◆ **Work item**:
Copy only what lies from the line containing "活动结束后,大家都积极主动地" through the line containing "Chateaubriand mit Kräuterbutter, Pfeffersauce, sautiertem" in the entries below, keeping both end lines exact and dropping every picture.

◆ **Task inputs**:
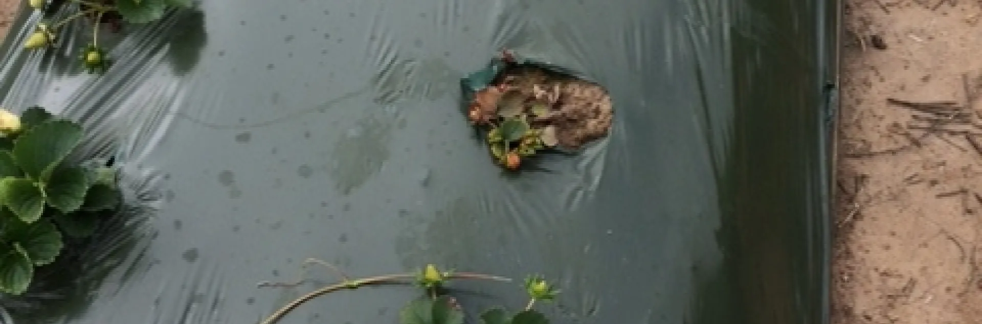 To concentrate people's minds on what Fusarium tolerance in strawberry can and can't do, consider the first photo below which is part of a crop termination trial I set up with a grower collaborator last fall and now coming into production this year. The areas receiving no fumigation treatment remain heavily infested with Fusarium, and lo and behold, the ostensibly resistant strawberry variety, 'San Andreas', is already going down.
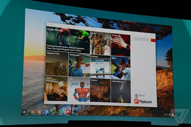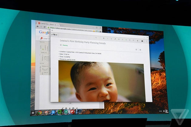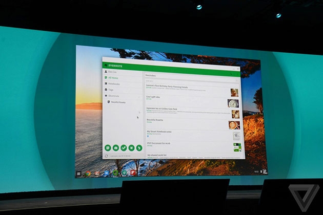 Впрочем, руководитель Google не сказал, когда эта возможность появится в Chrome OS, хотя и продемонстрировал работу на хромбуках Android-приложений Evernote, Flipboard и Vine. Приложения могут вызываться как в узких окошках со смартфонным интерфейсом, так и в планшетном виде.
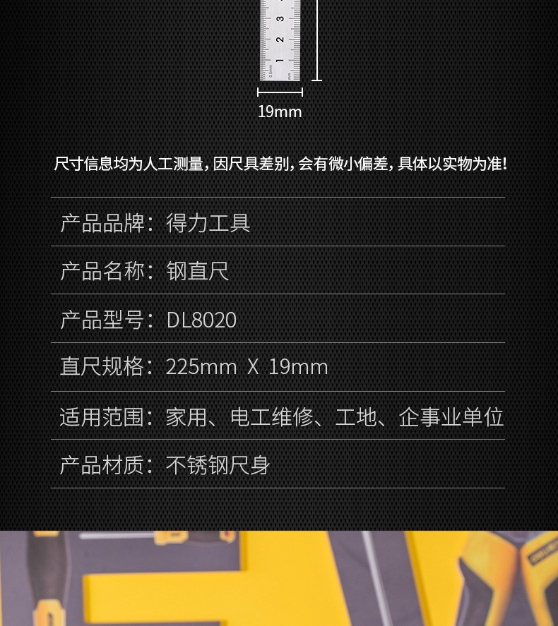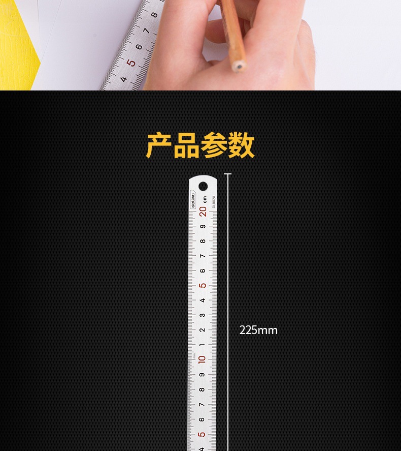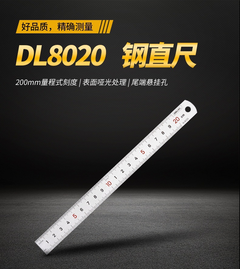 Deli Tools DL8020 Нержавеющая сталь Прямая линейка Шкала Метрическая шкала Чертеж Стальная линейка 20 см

* * *

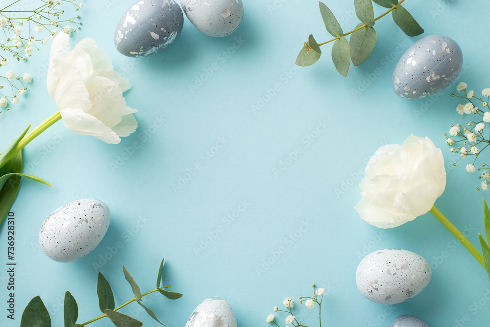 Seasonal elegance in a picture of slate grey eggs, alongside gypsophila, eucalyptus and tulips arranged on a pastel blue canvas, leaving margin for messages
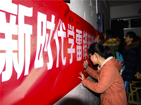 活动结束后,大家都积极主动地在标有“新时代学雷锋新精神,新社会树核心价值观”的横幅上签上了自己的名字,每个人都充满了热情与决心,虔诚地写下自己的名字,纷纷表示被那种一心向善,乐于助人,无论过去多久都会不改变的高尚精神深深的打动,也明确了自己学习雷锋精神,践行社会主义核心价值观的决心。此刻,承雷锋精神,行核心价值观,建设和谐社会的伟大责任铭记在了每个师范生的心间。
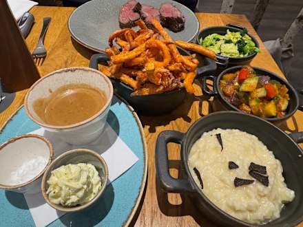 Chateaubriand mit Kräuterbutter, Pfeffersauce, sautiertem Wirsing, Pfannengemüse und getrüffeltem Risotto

◆ **Written answer**:
 活动结束后,大家都积极主动地在标有“新时代学雷锋新精神,新社会树核心价值观”的横幅上签上了自己的名字,每个人都充满了热情与决心,虔诚地写下自己的名字,纷纷表示被那种一心向善,乐于助人,无论过去多久都会不改变的高尚精神深深的打动,也明确了自己学习雷锋精神,践行社会主义核心价值观的决心。此刻,承雷锋精神,行核心价值观,建设和谐社会的伟大责任铭记在了每个师范生的心间。
 Chateaubriand mit Kräuterbutter, Pfeffersauce, sautiertem Wirsing, Pfannengemüse und getrüffeltem Risotto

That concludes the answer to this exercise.